Той ночью Томас залез на нее, и они занимались любовью, но ощущения, как всегда, были не те, когда она ласкала себя. Она попыталась заснуть, когда он закончил и стал храпеть, и быстро помолилась о чуде, чтобы ее лоно каким-то образом захватило семя ее мужа и она бы понесла первого ребенка до первого снега. Но женщина все еще была возбуждена и знала, что не уснет, пока не завершит начатое мужем.
Мэри не тревожилась из-за того, что когда ее муж засыпал крепким сном на ложе рядом с ней – иногда пьяный, всегда уставший, порой и то и другое, – ее тело было в таком состоянии, что она задирала ночную сорочку и удовлетворяла себя. Не особенно волновало ее и то, что ощущение – волны дрожи и удовольствия, тяжелеющие веки, когда она тоже погружалась в сон, – ни разу не приходило, когда муж, пыхтя, забирался на нее и они совокуплялись. Ей даже не было стыдно за то, что она занимается чем-то неправильным, поскольку ее личная маленькая (она не использовала слово «привычка», потому это не вошло, не вошло, не вошло в привычку) тайна стала самым ярким наслаждением из всех, что присутствовали в ее жизни.

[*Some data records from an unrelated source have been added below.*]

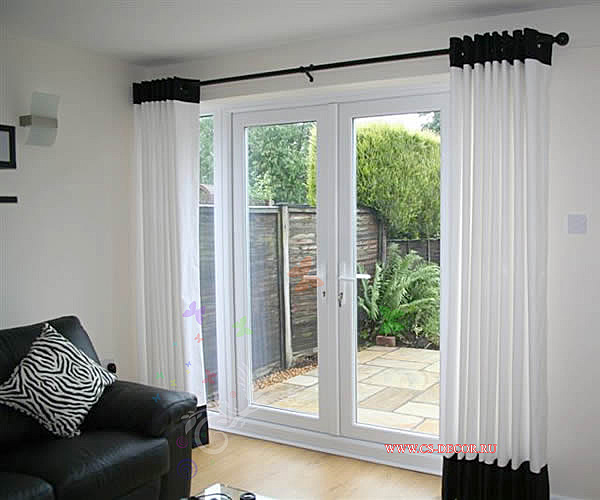 Мы будем делать белые полупрозрачные вот такой конструкции. Длинная на балконную дверь, подвязанная на сторону где окно. Возможно подхваты и верх сделаем непрозрачной тканью другого цвета как на втором фото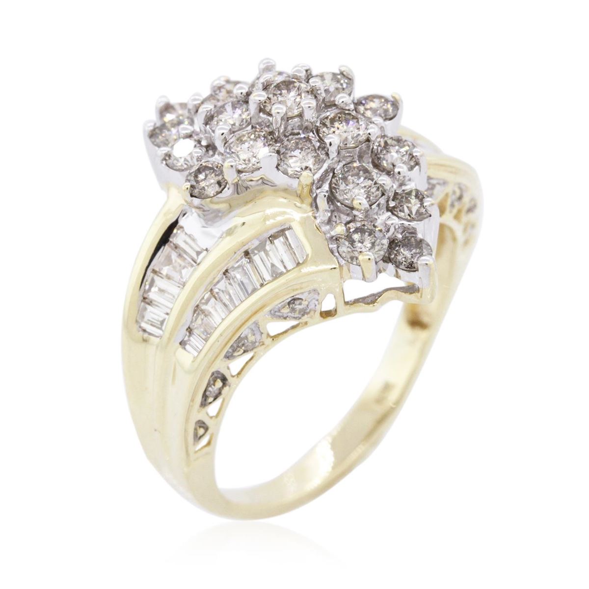 One electronically tested 14KT yellow gold ladies cast diamond ring. The ring features an organized diamond cluster set within a stylized diamond bypass design, completed by a two and one-half millimeter wide band. Bright polish finish with rhodium accents. Identified with markings of "14K". Condition is good. Containing: Eighteen prong set round brilliant cut diamonds, measuring 2.80 - 2.50 x 1.59mm (depth est.) approximate total weight of 18 Stones = 1.32ct. Color grade is an average for the group. Graded in the setting. Clarity: I-1 to I-2 Twelve prong set single cut diamonds, measuring 1.00 - 1.00 x 0.60mm (depth est.) approximate total weight of 12 Stones = 0.06ct. Color grade is an average for the group. Graded in the setting. Clarity: I-1 Twenty-Two channel set baguette cut diamonds, measuring from 2.10 x 1.20 x 0.84mm (depth est.) to 2.50 x 1.30 x 0.91mm (depth est.) approximate total weight of 22 Stones = 0.50ct. Graded in the setting. Clarity: VS-2 to SI-1. Color: I - K. Total Weight of Diamonds 1.88ct. Total Weight of Ring 5.84 grams. AIG Appraised at $4,315.00.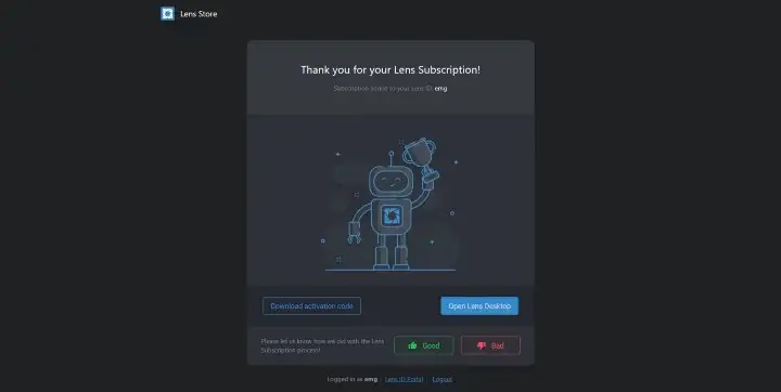 Note: From this Lens ID management page, you will also be able to create an activation code for air-gapped installation.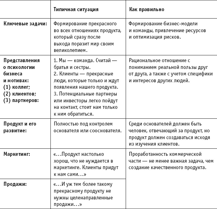 Типичные ошибки: излишняя «влюбленность» в идею, недостаточное внимание и понимание коммерческой части проекта, реальной рыночной ситуации и болей потенциальных клиентов, желание сразу, без подтверждения спроса, создавать полноценный продукт, ориентация на слишком маленький рынок, стремление одним шагом создать огромную компанию, отсутствие какого-либо существенного мотива, кроме денег.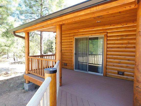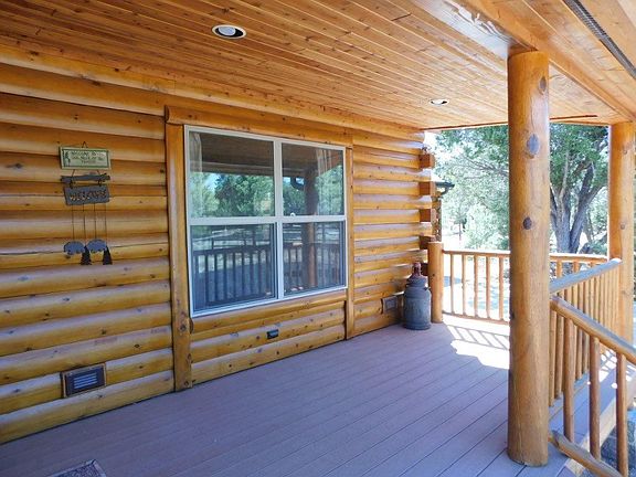 Full log cedar chalet in the pines! The 3Bd/2Ba D-log post & beam home has so many upgrades you'll notice the minute you enter the open greatroom with soaring vaulted cedar ceiling. Stacked stone behind the woodstove, central gas heat, A/C, beautiful oak hardwood, Porcelain tile & carpet in LR & BR, split floorplan (guest BR has private bathroom access to use as a 2nd master BR) and all rooms are downstairs PLUS a huge loft for game room, extra sleeping area or office. The chef's delight kitchen will WOW you from the rustic hickory solid wood cabinets, quartz countertops, pull out soft close drawers, hi-end appliances, gas range has a pot filler, large island has tons of storage, vegetable sink, under cabinet lighting & custom built in mixer w/folding shelf. There's a wet bar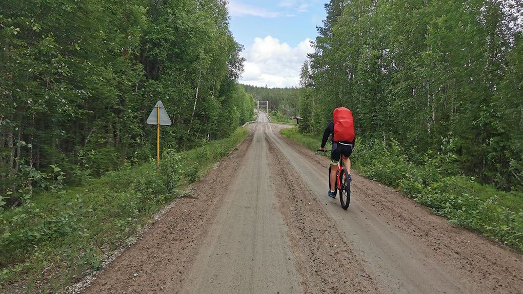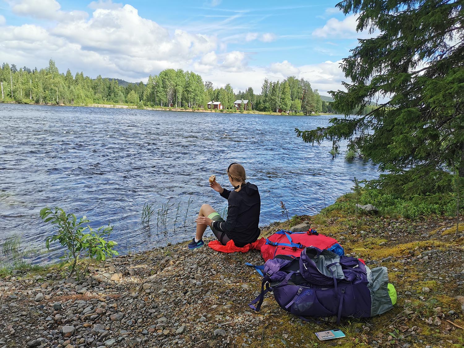 Vi cyklade ner till älven på ett ställe och tog lunch. Goda baguetter med färskost/mozzarella, tomat och lufttorkad skinka. Gott att kunna ha med så lyxig lunch. Rasmus som är helt fisketokig passade även på att kasta några kast men utan napp. Under lunchpausen startade vi vår nyinköpta Thermacell, en slags myggjagare, som vi var otroligt tacksamma att vi hade. För mygg var något det fanns gott om, på hela vårt äventyr.

И, конечно, муж не из-за этого обозвал ее потаскухой вчера вечером. Он не потому ударил ее. Он понятия не имел о ее открытии, что она может делать с собой. Никто не знал, ни одна человеческая душа. Нет, главным образом ее тревожило то, что она не могла решить, было ли это маленьким даром Бога, поскольку он не подарил ей детей, или пороком, накликанным Дьяволом, который был призван помешать ей зачать. Навеки.